GIVEN RECORDS:
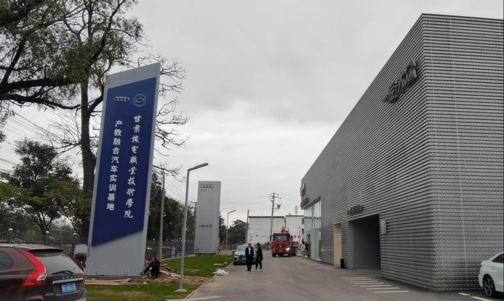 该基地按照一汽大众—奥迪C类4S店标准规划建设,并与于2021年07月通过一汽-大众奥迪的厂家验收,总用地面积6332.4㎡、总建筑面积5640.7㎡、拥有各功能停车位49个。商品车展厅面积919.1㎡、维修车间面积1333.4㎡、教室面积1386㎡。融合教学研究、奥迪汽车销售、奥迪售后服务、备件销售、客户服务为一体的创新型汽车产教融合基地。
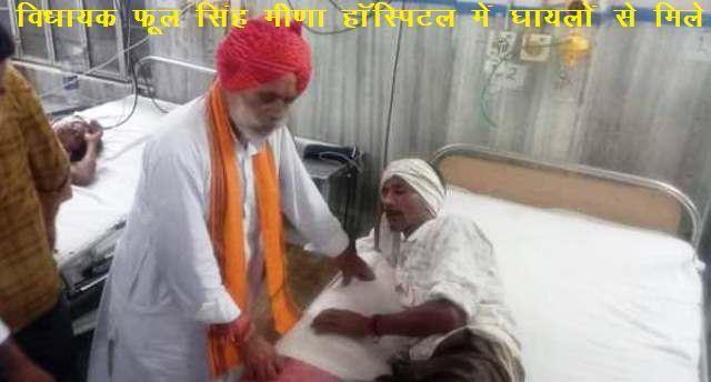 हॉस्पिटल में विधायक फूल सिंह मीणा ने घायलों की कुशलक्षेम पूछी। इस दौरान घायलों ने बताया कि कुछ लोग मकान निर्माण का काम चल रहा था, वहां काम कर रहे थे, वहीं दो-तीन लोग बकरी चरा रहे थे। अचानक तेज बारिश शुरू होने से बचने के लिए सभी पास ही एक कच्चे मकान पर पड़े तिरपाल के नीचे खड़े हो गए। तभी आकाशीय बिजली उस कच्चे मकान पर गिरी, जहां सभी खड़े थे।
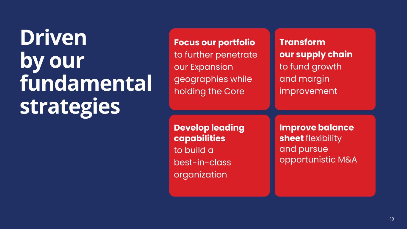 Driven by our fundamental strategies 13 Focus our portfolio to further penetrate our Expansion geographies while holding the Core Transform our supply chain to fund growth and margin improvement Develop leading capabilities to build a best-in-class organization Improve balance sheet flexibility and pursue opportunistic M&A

...

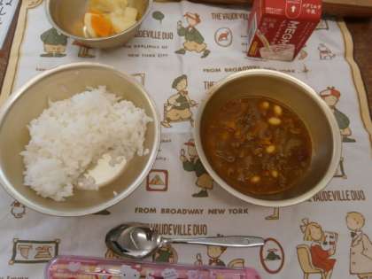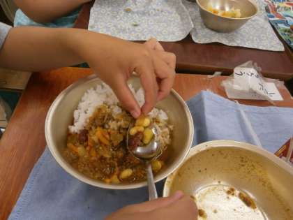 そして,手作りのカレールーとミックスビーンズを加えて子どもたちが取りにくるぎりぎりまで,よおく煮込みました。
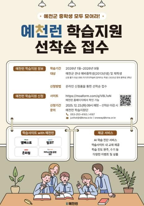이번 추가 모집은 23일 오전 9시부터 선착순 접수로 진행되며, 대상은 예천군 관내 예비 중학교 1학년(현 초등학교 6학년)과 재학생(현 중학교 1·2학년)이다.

YOUR GOAL: In the records above, find the line with "そして,手作りのカレールーと" and the line with "이번 추가 모집은 23일", then restate word for word only those two lines and all lines between, omitting pictures.

SOLUTION FOR THIS PROBLEM:
 そして,手作りのカレールーとミックスビーンズを加えて子どもたちが取りにくるぎりぎりまで,よおく煮込みました。
이번 추가 모집은 23일 오전 9시부터 선착순 접수로 진행되며, 대상은 예천군 관내 예비 중학교 1학년(현 초등학교 6학년)과 재학생(현 중학교 1·2학년)이다.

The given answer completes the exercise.